▸ Exercise objective: Take the records below and set down exactly the lines from the one with "お洒落なオニキスとガーネットのデザインブレスレットです" to the one with "数据处理的底层是各种原子能力", ends included; do not copy the pictures.

Start of Material supplied

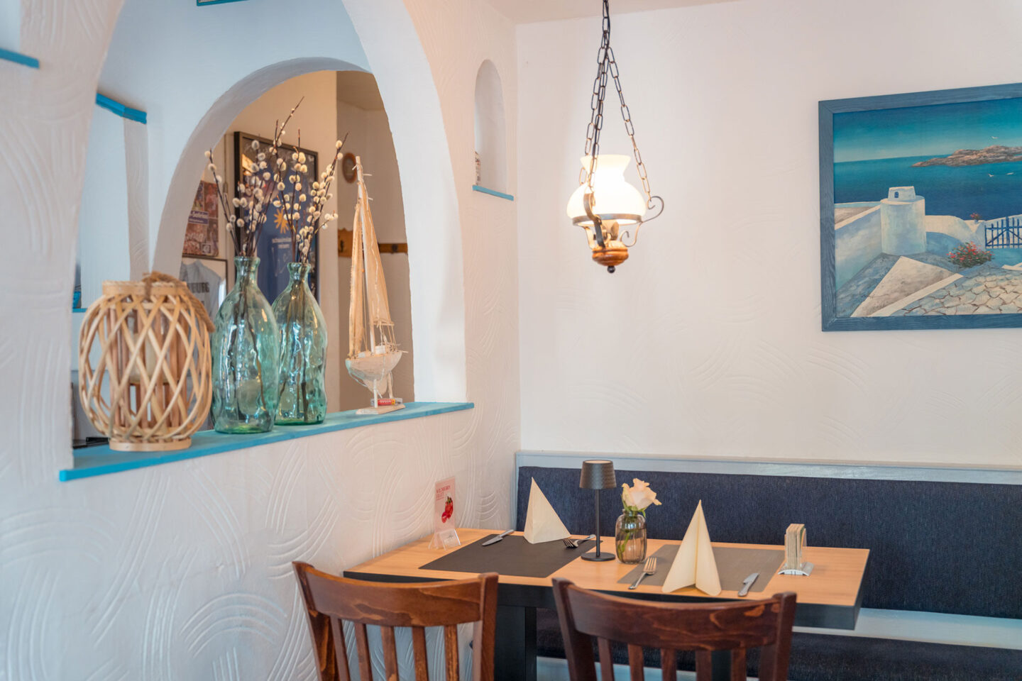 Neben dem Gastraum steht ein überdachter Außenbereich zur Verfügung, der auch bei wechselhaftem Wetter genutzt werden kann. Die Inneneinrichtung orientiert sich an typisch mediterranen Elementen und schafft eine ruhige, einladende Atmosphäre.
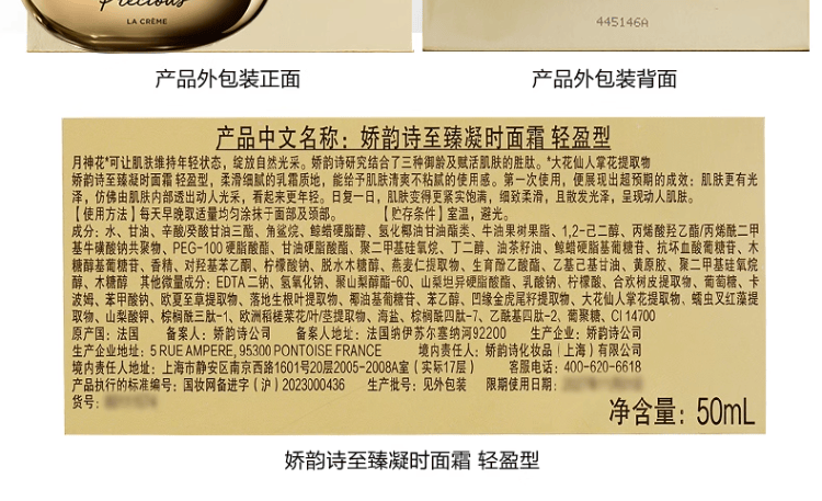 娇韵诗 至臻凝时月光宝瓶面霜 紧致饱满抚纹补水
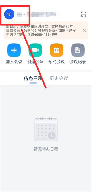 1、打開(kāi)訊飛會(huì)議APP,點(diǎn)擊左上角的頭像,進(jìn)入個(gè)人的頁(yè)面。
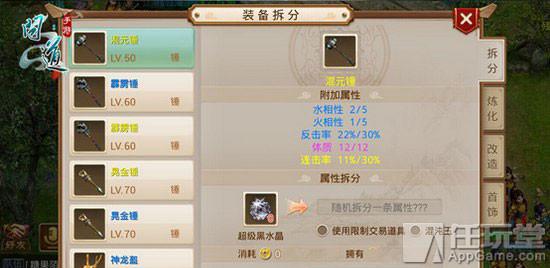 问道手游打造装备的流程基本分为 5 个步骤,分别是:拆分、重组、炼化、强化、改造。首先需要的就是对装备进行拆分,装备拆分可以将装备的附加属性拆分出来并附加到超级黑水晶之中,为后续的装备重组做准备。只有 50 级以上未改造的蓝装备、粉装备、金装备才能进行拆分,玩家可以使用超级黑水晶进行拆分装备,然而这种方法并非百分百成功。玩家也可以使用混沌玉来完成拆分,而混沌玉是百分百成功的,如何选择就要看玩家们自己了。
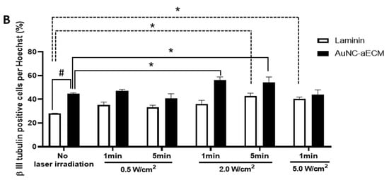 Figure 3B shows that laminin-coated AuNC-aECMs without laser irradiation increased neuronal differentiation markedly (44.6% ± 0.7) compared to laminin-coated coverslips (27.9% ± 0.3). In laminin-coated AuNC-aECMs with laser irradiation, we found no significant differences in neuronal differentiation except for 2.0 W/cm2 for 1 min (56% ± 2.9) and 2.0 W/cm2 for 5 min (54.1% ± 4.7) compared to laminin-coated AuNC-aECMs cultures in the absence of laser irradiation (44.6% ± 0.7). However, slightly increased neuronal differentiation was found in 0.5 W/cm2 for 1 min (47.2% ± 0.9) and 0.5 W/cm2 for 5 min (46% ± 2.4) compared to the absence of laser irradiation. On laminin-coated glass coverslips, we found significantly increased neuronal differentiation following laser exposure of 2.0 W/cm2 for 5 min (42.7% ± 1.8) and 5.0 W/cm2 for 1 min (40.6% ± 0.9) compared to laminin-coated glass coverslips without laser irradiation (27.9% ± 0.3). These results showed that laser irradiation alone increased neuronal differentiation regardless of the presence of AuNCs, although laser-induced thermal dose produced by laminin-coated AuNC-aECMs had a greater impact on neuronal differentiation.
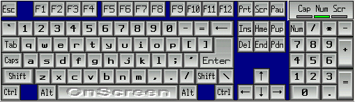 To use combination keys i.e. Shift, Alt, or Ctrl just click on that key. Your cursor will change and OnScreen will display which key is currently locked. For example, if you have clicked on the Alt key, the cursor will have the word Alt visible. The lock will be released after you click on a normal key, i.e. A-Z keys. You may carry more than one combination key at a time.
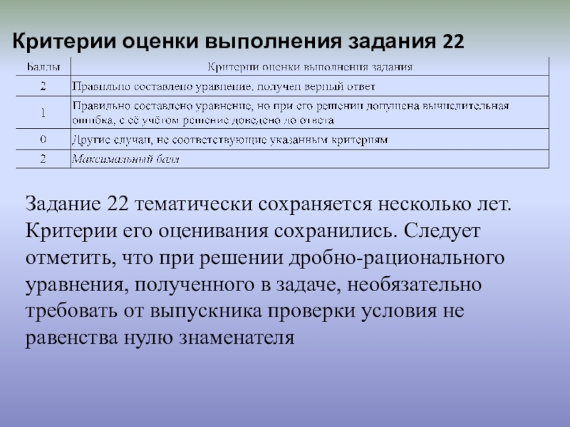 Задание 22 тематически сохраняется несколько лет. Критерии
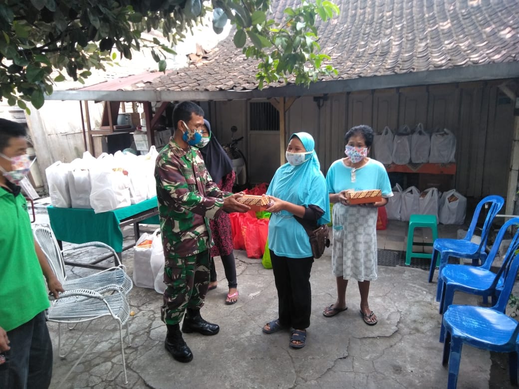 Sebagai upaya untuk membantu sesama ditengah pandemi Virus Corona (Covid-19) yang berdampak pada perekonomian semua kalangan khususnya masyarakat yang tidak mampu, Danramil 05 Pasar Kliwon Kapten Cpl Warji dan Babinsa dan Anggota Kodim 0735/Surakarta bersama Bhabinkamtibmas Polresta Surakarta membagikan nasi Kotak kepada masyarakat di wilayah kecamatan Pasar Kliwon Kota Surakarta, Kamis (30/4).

End of Material supplied
Start of Material supplied

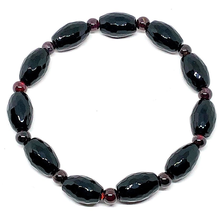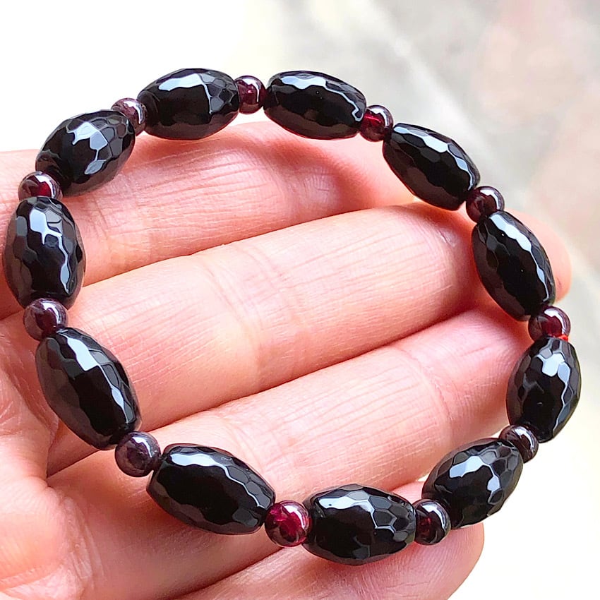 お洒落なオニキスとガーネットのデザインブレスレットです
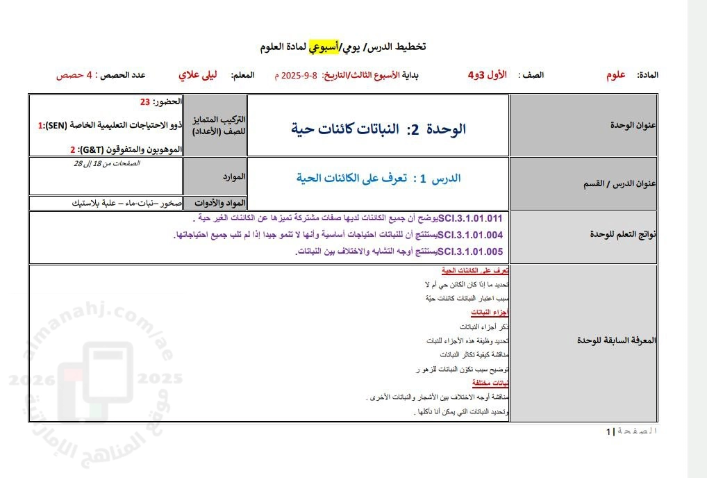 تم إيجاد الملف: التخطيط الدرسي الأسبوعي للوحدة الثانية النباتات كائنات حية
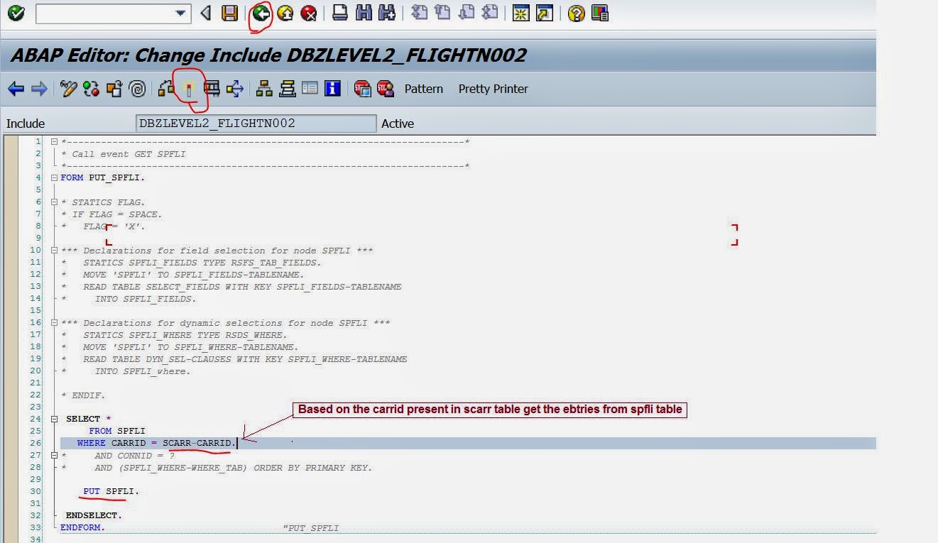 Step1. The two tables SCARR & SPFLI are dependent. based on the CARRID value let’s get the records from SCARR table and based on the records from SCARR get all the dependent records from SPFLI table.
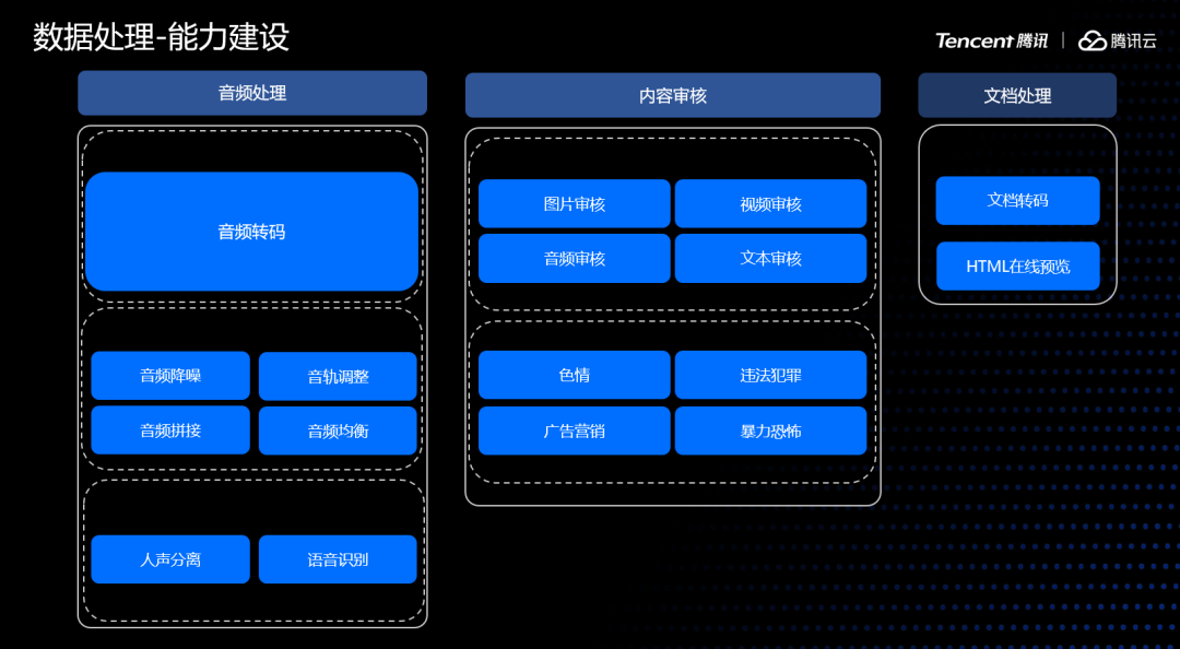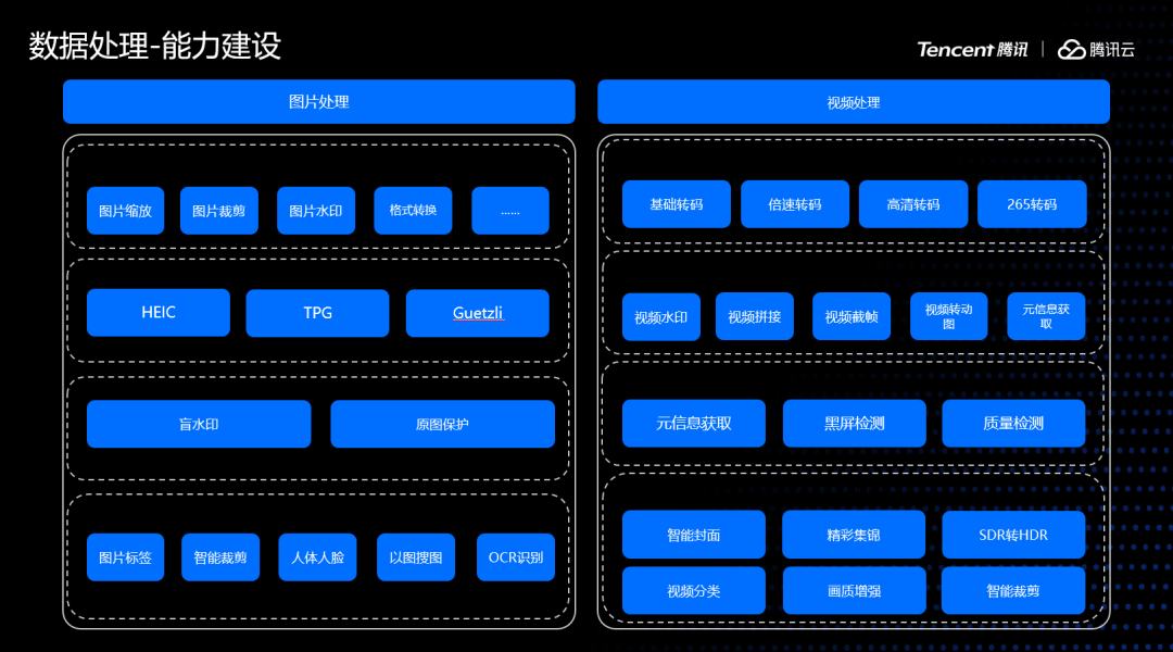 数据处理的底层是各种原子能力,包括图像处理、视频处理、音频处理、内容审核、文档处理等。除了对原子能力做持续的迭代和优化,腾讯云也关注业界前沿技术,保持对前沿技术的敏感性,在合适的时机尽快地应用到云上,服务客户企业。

End of Material supplied

▸ Exercise response:
 お洒落なオニキスとガーネットのデザインブレスレットです
 تم إيجاد الملف: التخطيط الدرسي الأسبوعي للوحدة الثانية النباتات كائنات حية
 Step1. The two tables SCARR & SPFLI are dependent. based on the CARRID value let’s get the records from SCARR table and based on the records from SCARR get all the dependent records from SPFLI table.
 数据处理的底层是各种原子能力,包括图像处理、视频处理、音频处理、内容审核、文档处理等。除了对原子能力做持续的迭代和优化,腾讯云也关注业界前沿技术,保持对前沿技术的敏感性,在合适的时机尽快地应用到云上,服务客户企业。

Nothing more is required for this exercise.